English Anglican clergyman, poet and antiquary

Rev. Luke Booker (20 October 1762 – 1 October 1835) LL.D., FRLS was an English Anglican clergyman, poet and antiquary, with a long list of published sermons and poetry. As a cleric he was strongly linked with the town of Dudley, then an exclave of Worcestershire.

==Early years==
Booker was born in Nottingham, England. As a young man, he pursued the religious studies of the Church of England, and took Holy Orders in 1785. Frederick Cornwallis, Bishop of Lichfield and Coventry ordained Booker without a title.

==Career==
Shortly after his ordination, Booker became a lecturer at St Peter's Collegiate Church, Wolverhampton, after which he became a curate at Oldswinford. Then for many years he served as vicar of Church of St. Edmund in Dudley. In 1806, he became rector of Tedstone Delamere, after an introduction by his brother-in-law, Richard Blakemore. He returned to Dudley in 1812 through his association with William Lord Viscount Dudley and Ward.

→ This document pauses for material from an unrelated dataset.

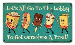 Speaking of scenes on film, that song, “Let’s all go to the lobby…” is lodged in my childhood brain from numerous trips to the drive-in on a summer’s night. I wouldn’t call the soda fountain type, confection-stocked area, that is really a small shack in a parking lot, a lobby. But there we go playing around with words and muddling their meaning! Really!
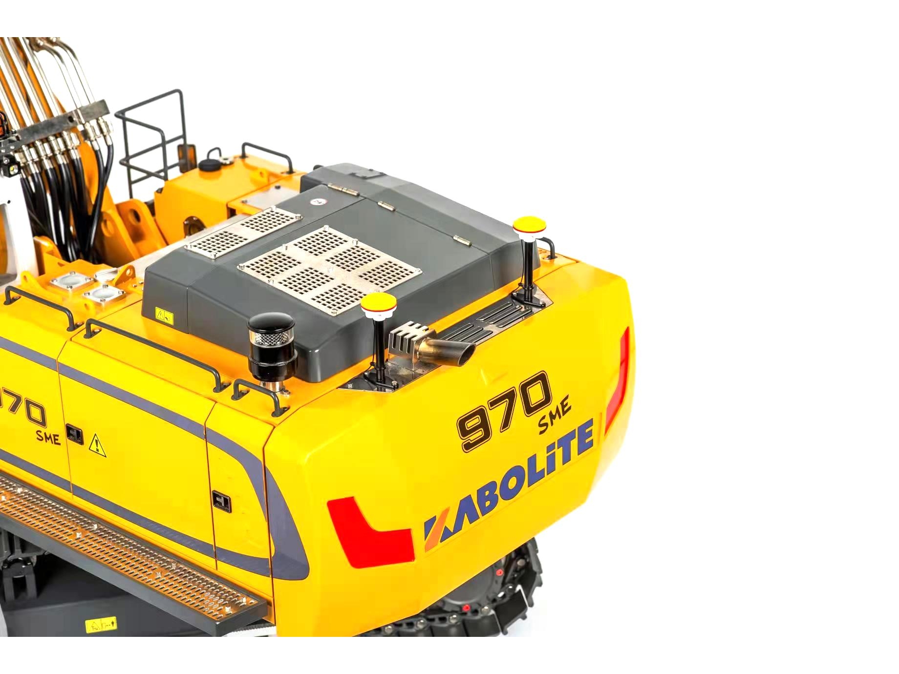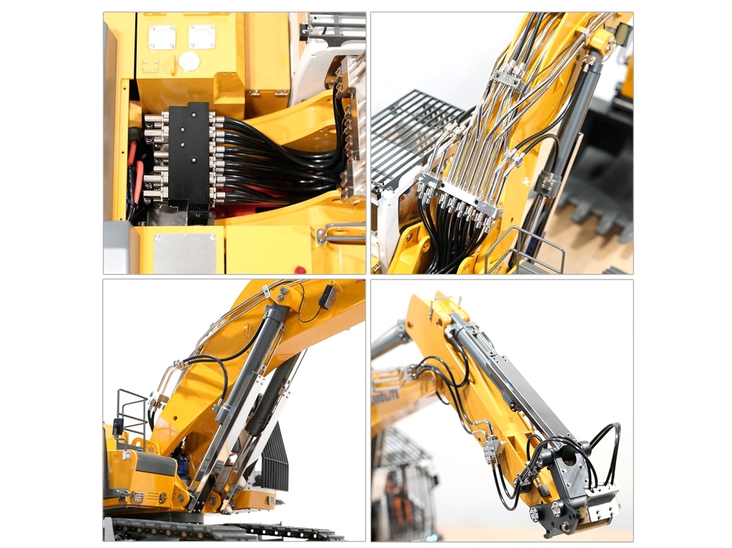 Dieser Super Scale Nachbau eines 70 Tonnen Baggers steht dem original in nichts nach.Alle Funktionen, alle Anbauteile und selbst der Cockpit Ausbau sind bis in kleinste Detail dem Original nachempfunden. In der Scale Kanzel ist sogar ein LCD Display untergebracht, welches Echtzeit Telemetriedaten wie Akkustand, Temperatur, Laufzeit und den aktuellen Hydraulikdruck anzeigt. Der Arbeitsdruck des Hydrauliksystems beträgt dabei je nach Arbeitszustand bis zu ca. 33 bar. Bereits in der Herstellungsfabrik wurde der gesamte Hydraulik Kreislauf mit ca. 60 bar Druck auf Dichtigkeit geprüft.

Booker laid the cornerstone for Dudley's St Thomas Church on 25 October 1816. He remained at Dudley until shortly before his death, having preached 173 sermons. During the Regency, Booker was one of the Chaplains in Ordinary to George IV.

"... that at a time when a gloomy spirit is pervading the country, not only diminishing the stock of harmless enjoyments, but endangering a morbid taste detrimental also to elegant literature, a drama might be constructed, though not professedly of a sacred character, against which fanaticism itself should have no just cause to allege any objection." (Booker's explanation for publishing his 1831 play, The Champion of Cyrus, a drama, in five acts.)

A charity preacher and an early contributor to the Anti-Jacobin Review and Magazine, Booker was a prolific publisher of poems and sermons, and at least one play. In 1823, he edited Poetical Blossoms by poet Robert Millhouse. He was a Fellow of the Royal Society of Literature, and a philanthropist. Booker also served as Justice of the Peace for the counties of Worcester, Hereford, and Stafford.

==Personal life==
Booker married four times. One marriage was to Ann, daughter of Thomas Blakemore. Ann and Luke Booker had two children. The son, Thomas William Booker, was adopted by Blakemore, raised at Melingriffith Tin Plate Works, and became MP for Herefordshire. The daughter was Harriet-Esther Booker.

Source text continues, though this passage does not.